А теперь здесь было красиво, тихо и пустовато -- осень сама, одна, гуляла по парку. Кругом было полно желтого света, какого-то робкого, вялого, и деревья стояли без теней, а листья громко, как сучья, хрустели под ногами, и деревья -- коричнево-черные, с голыми ветками, как на цветных линогравюрах. И в этот будний осенний день было так тихо здесь, что музыка, срываемая ветерком с далеких репродукторов, держала тишину в синеве неподвижного воздуха, как в раме. Я шагал по бурой, уже умершей траве и думал о том, что когда моим детям будет по тридцать лет, если они вообще-то будут, дети, то к тому времени Сокольники превратятся в такой же вычищенный и выбритый газон, как Александровский сад, и если я надумаю им рассказать, что это Шервудский лес моего детства, то они посмотрят на меня, как на старого дурака. Все меняется очень быстро. Как сказала бы в этом случае Марина Колесникова, "сильно прет структурализм". Я вспомнил о ней потому, что, пока я шел через этот прекрасный, приготовившийся к зимней спячке лес, мой Минотавр почти совсем откинул хвост, он еле дышал, так хорошо и спокойно мне было от свидания со своим детством.

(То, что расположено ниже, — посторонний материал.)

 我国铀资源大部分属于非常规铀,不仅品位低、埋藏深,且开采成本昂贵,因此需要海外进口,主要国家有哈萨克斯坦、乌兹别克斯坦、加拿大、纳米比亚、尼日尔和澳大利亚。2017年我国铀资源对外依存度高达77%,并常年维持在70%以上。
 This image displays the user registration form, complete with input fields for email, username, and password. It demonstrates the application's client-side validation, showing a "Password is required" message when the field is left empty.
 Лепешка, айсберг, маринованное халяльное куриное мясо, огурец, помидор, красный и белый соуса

И никакие гнусные мысли и чувства не обуревали меня, и очень мне хотелось, чтобы все пришли повидаться со своим детством, очистившись от всей той пакости, что прилипает к нам -- волей или неволей -- в дни наших нелегких блужданий по коридорам и закоулкам жизни.
   Но когда я увидел на двухэтажном кирпичном доме в глубине парка короткую табличку "Институт токсикологии. Лаборатория", Минотавр пробудился и шепнул: давай, иди, спроси у Иконникова, почему он ненавидит Полякова, наверняка ведь плохой человек этот Иконников, и, смотри, спрашивай похитрей, с подковыркой этак...

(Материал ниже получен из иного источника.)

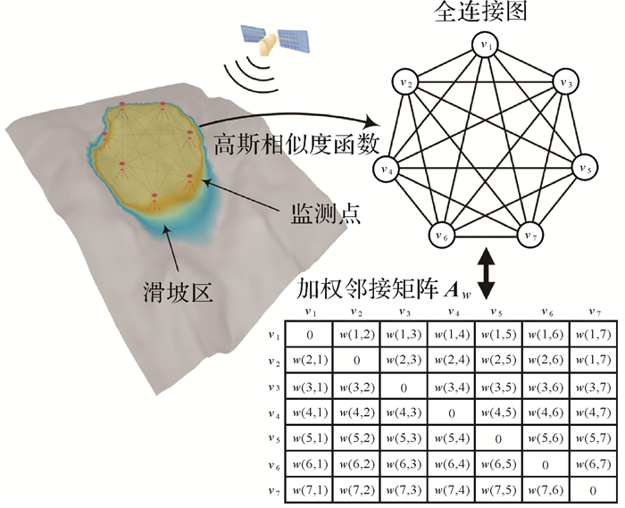 如图 2所示,为表征监测点之间的空间相关性,定义一个加权无向全连接图G =(V, E, W)。其中,V ={v1, v2, …, vN}为图的节点(GNSS位移监测点),N为监测点个数,每对监测点具有一条连接边,连接边E的总数为N×(N-1)/2。W ∈ RN×N表示监测点间相关性的邻接矩阵。

   Я дернул черную, обитую клеенкой дверь и вошел в лабораторию. Не вестибюль и не прихожая -- так, сени, в которые выходят две двери. Я постучал в правую дверь и услышал глухой, надтреснутый голос:
   -- Войдите!
   За столом окрашенной белилами комнаты сидел рыжий человек с бородой колом и держал за голову змею. Белый, в палец величиной зуб выпирал у нее из пасти и что-то апельсиново-желтое капало с этого клыка в мензурку. Человек поднял на меня бледное морщинистое лицо и сказал:
   -- Стойте у двери. Не бойтесь.
   И я почему-то сразу понял, что это Иконников, и Минотавр в моей душе бешено заплясал, запрыгал, задергался, будто знал, что так просто с этим человеком нам уж не разойтись...

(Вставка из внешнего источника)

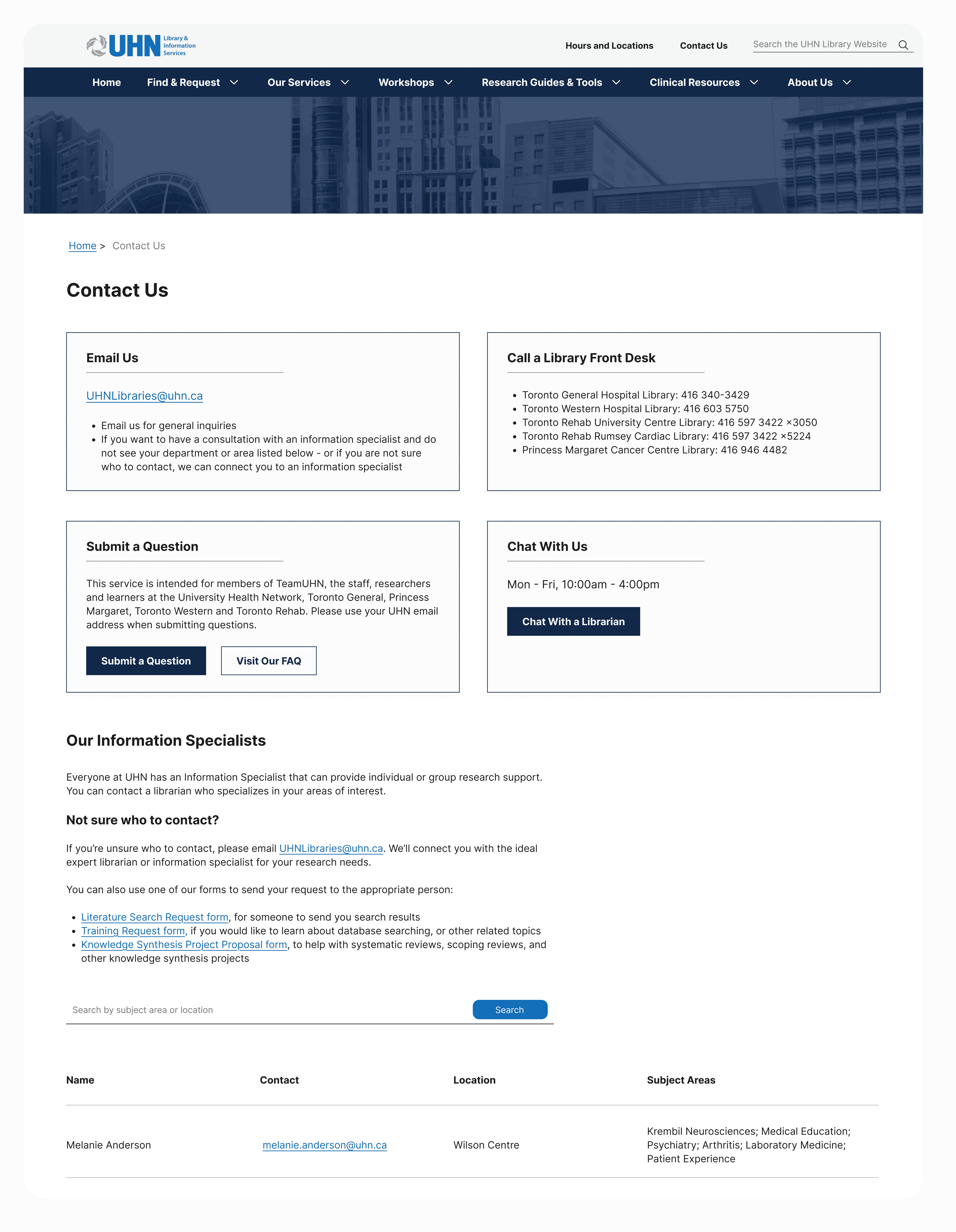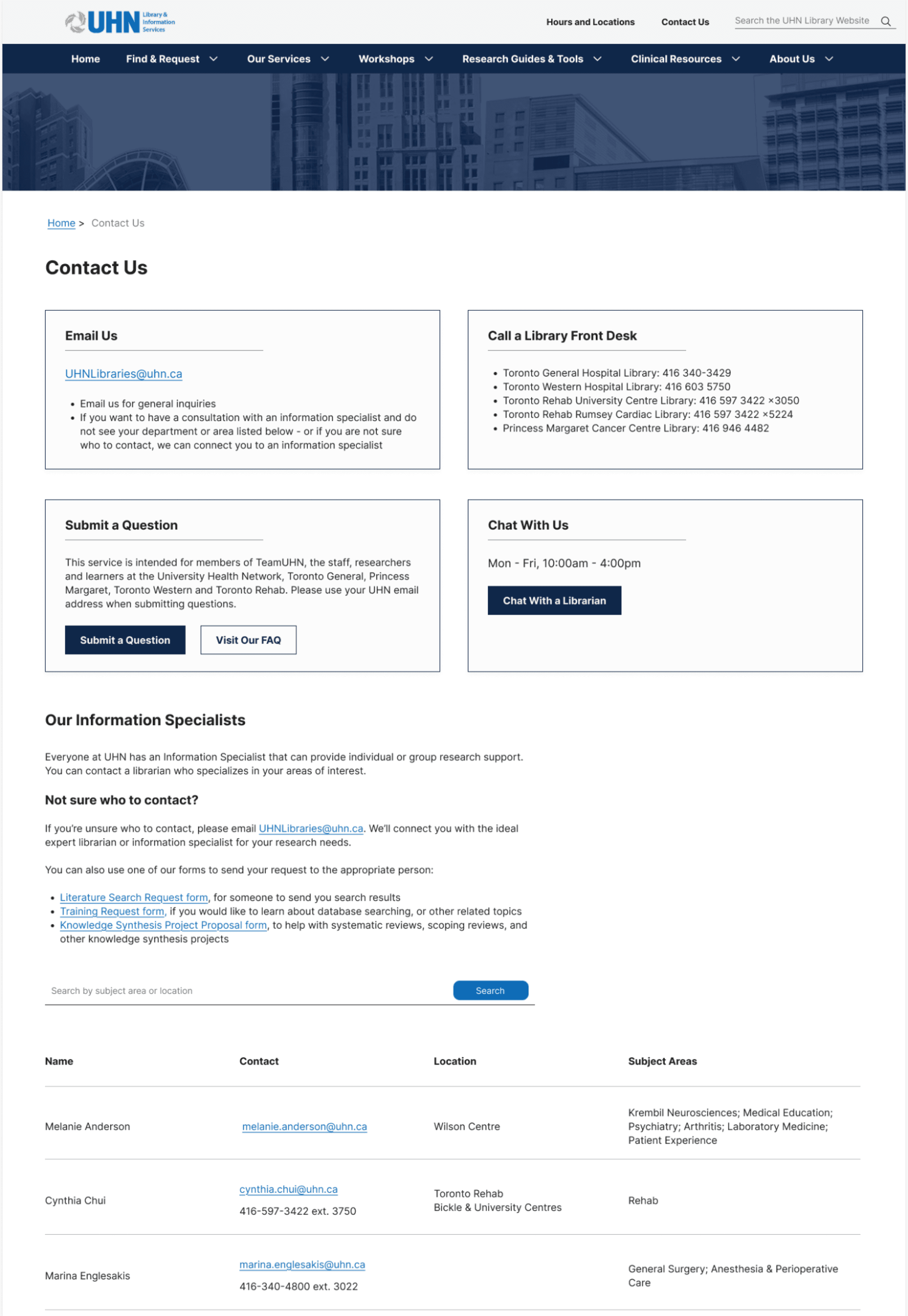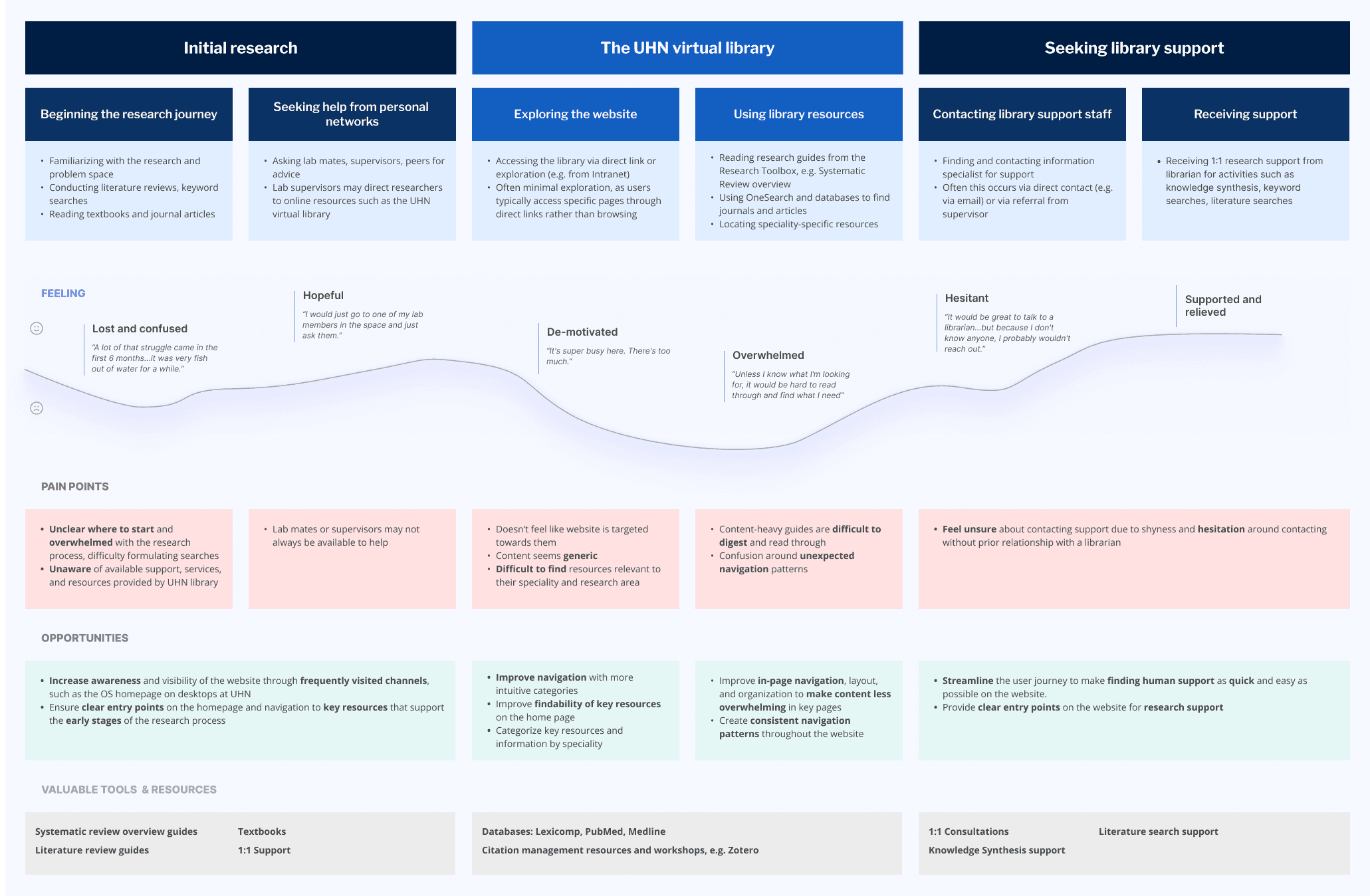 We interviews UHN researchers and clinicians. The first part of the session was a semi-structured interview where participants reflected on their experiences with seeking support during their clinical and research journeys. In the second half, we did light usability testing by providing users with tasks to complete on the current website, such as finding contact information, using research guides, and locating clinical tools.

   Глава 5 Каин для кнутобоища
   Приказчик пересчитал деньги и сложил их в замшевый мешочек-кошелек.
   -- Синьор Консолини просил передать, что всегда счастлив работать для вас, синьор Амати. Мы стараемся, чтобы наши футляры были достойным обрамлением ваших несравненных инструментов, -- он согнулся в низком поклоне.
   Мастер Никколо ехидно засмеялся:
   -- Еще бы! Вместе с моими скрипками этот прохвост Консолини проносит во дворцы и свое имя. Клеймо на футляре, наверное, не забыл, поставил? А-а?
   -- Вы так проницательны, маэстро! Конечно, синьора Консолини не интересует выгода от ваших заказов. Он верит, что его скромное имя пребудет где-то поблизости от лучезарной славы Амати, судьба которого -- остаться в веках, -- пятясь к двери, приказчик от полноты чувств прижимал руки к сердцу.
   -- Поэтому футляр стоит на два флорина дороже? -- поинтересовался Никколо.
   -- Прошел год, и синьор Консолини надеется, что за это время ваша скрипка стала дороже на тысячу флоринов, -- дерзко сказал приказчик.
   -- Вон отсюда! -- рявкнул Никколо, и приказчик словно прошел паром сквозь дверь. Амати засмеялся и сказал: -- Дурак твой синьор Консолини. Эта скрипочка стоит уже пять тысяч дукатов. Вот так-то! Что, Антонио, дешевле ведь мы не отдадим ее, а?
   -- Меня это не касается, -- сухо сказал ученик. -- Я у вас все равно ничего не получаю. Я работаю за хлеб и науку...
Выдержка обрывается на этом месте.